> Data block:

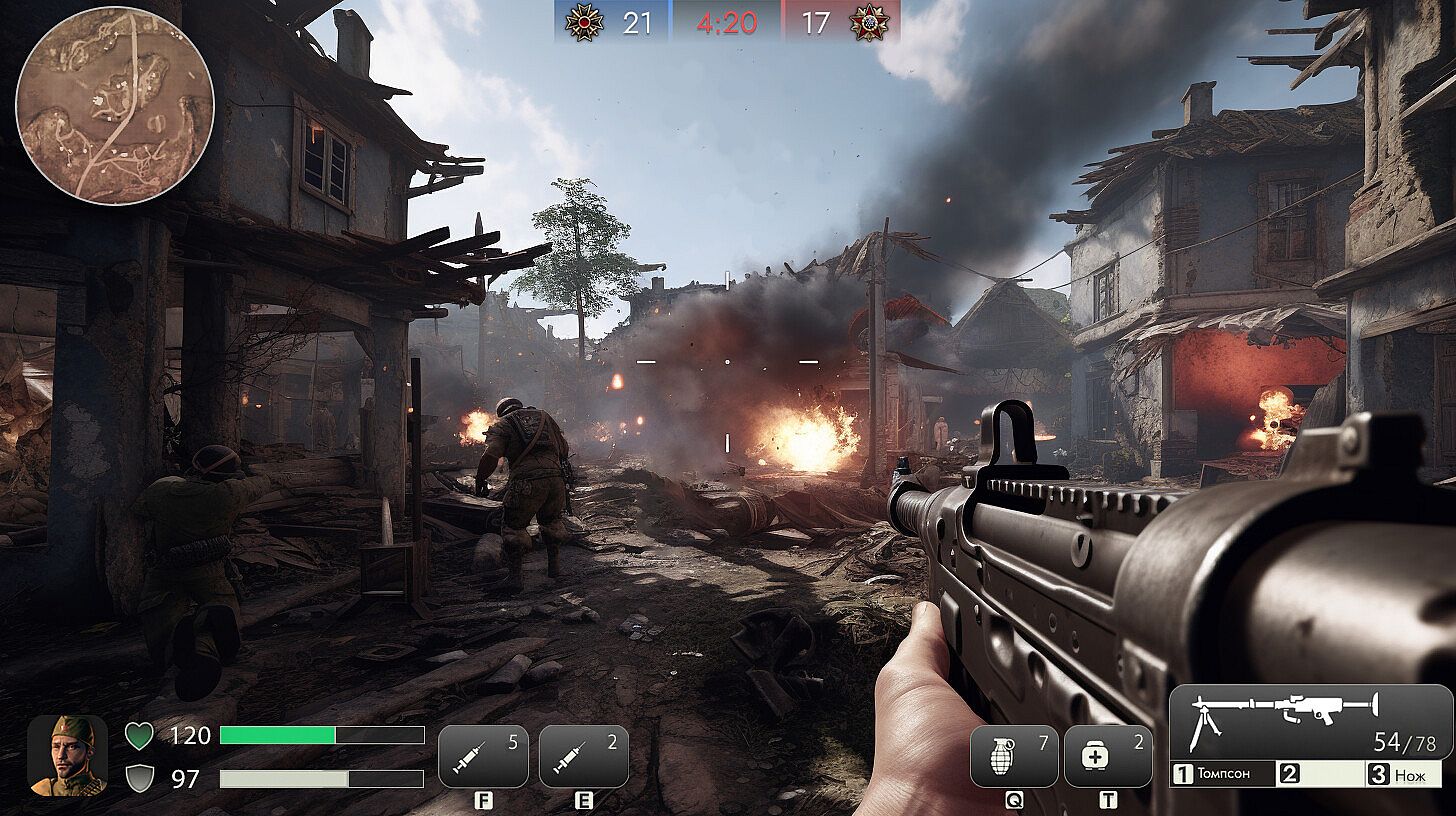 You will have to fight in various theaters of military operations, including city streets, trenches, snow-covered plateaus and other dangerous locations. Each place has its own characteristics and strategic advantages, which you should skillfully use in your actions.
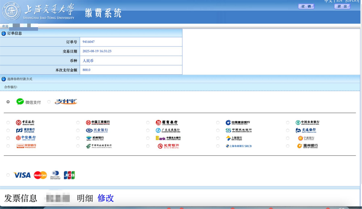 点击支付方式(微信或支付宝)或银行名称,并在左下角填入发票信息。
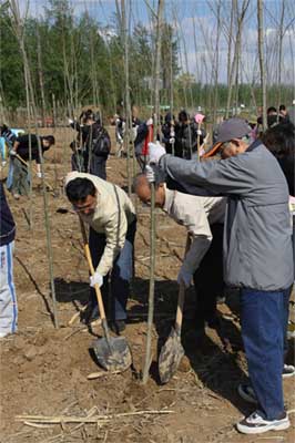 10点30许,植树活动圆满结束。今年是国际森林年,也是全民义务植树运动开展30周年。纺织贸促会2011"播种绿色 实践低碳"植树活动正是抓住契机,紧紧围绕人文北京、绿色北京发展战略,用自己的一份薄力为北京绿化美化建设做出了贡献。
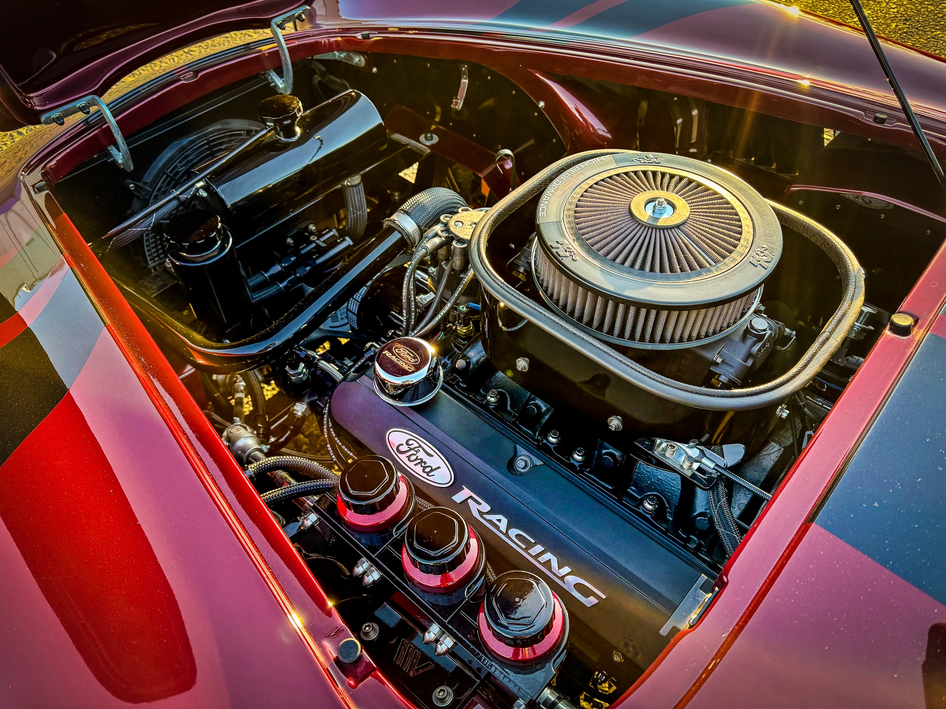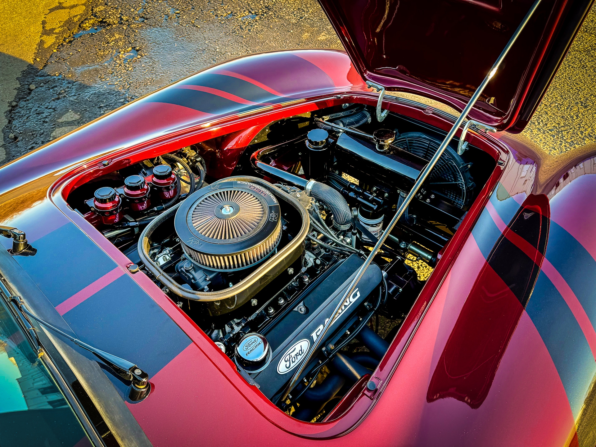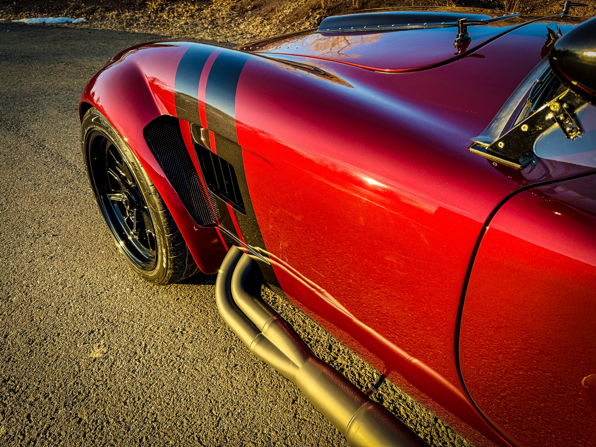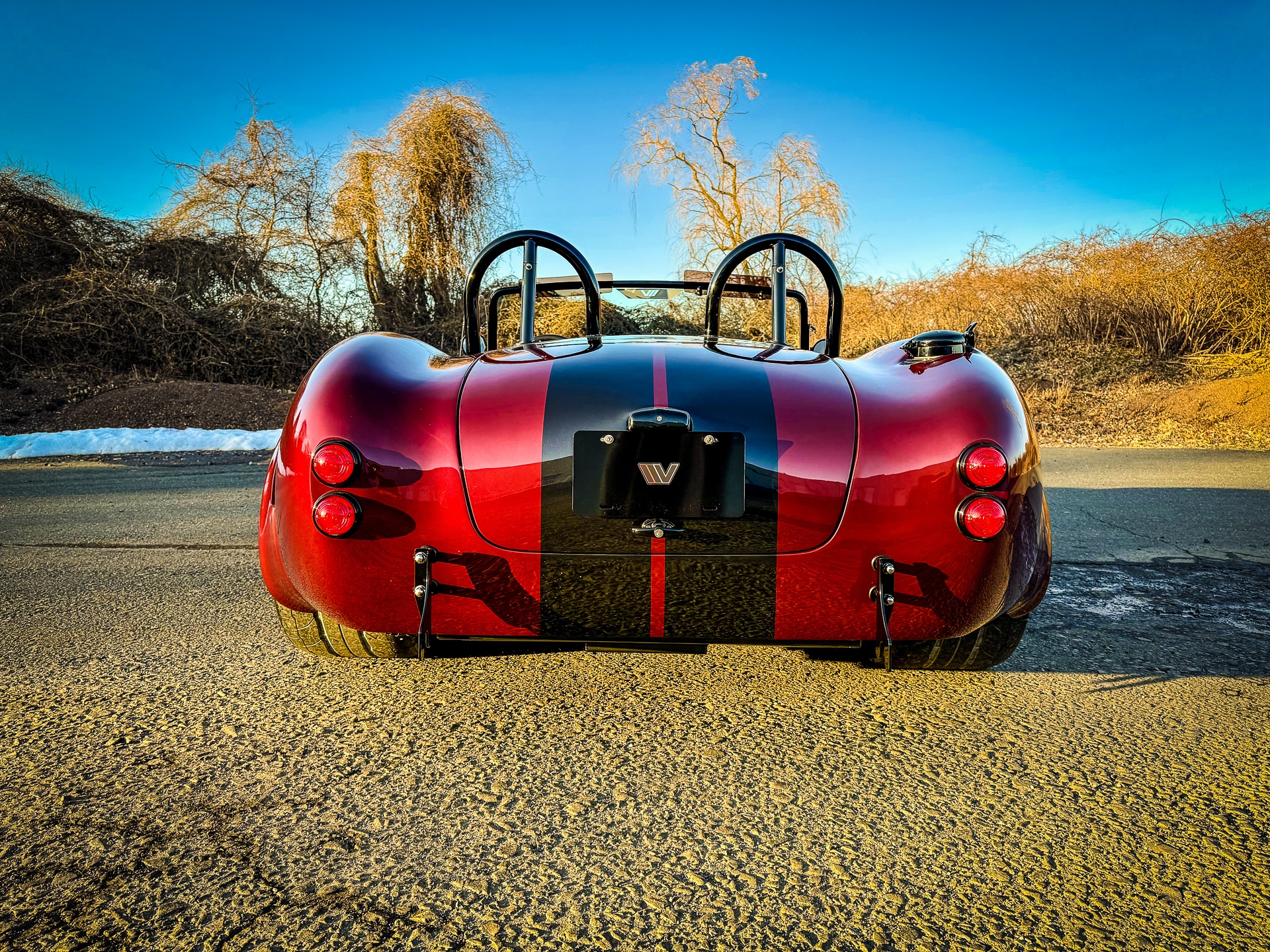 This 1965 Backdraft RT4 roadster was completed by Vintage Motorsports in North Haven, CT in 2022 and has accumulated just over 200 miles. It is powered by a Ford Racing 460ci V8 engine that is rated at 575hp and 575 ft/lbs of torque. The engine is mated to a TREMEC T-56 Magnum 6-speed manual transmission with a McLeod twin-disc clutch and a QuickTime steel bellhousing.

> Your goal: An exact transcription is needed of the lines from the one with "点击支付方式(微信或支付宝)或银行名称,并在左下角填入发票信息。" to the one with "10点30许,植树活动圆满结" above, both ends included, with pictures left out.

> Exercise answer:
 点击支付方式(微信或支付宝)或银行名称,并在左下角填入发票信息。
 10点30许,植树活动圆满结束。今年是国际森林年,也是全民义务植树运动开展30周年。纺织贸促会2011"播种绿色 实践低碳"植树活动正是抓住契机,紧紧围绕人文北京、绿色北京发展战略,用自己的一份薄力为北京绿化美化建设做出了贡献。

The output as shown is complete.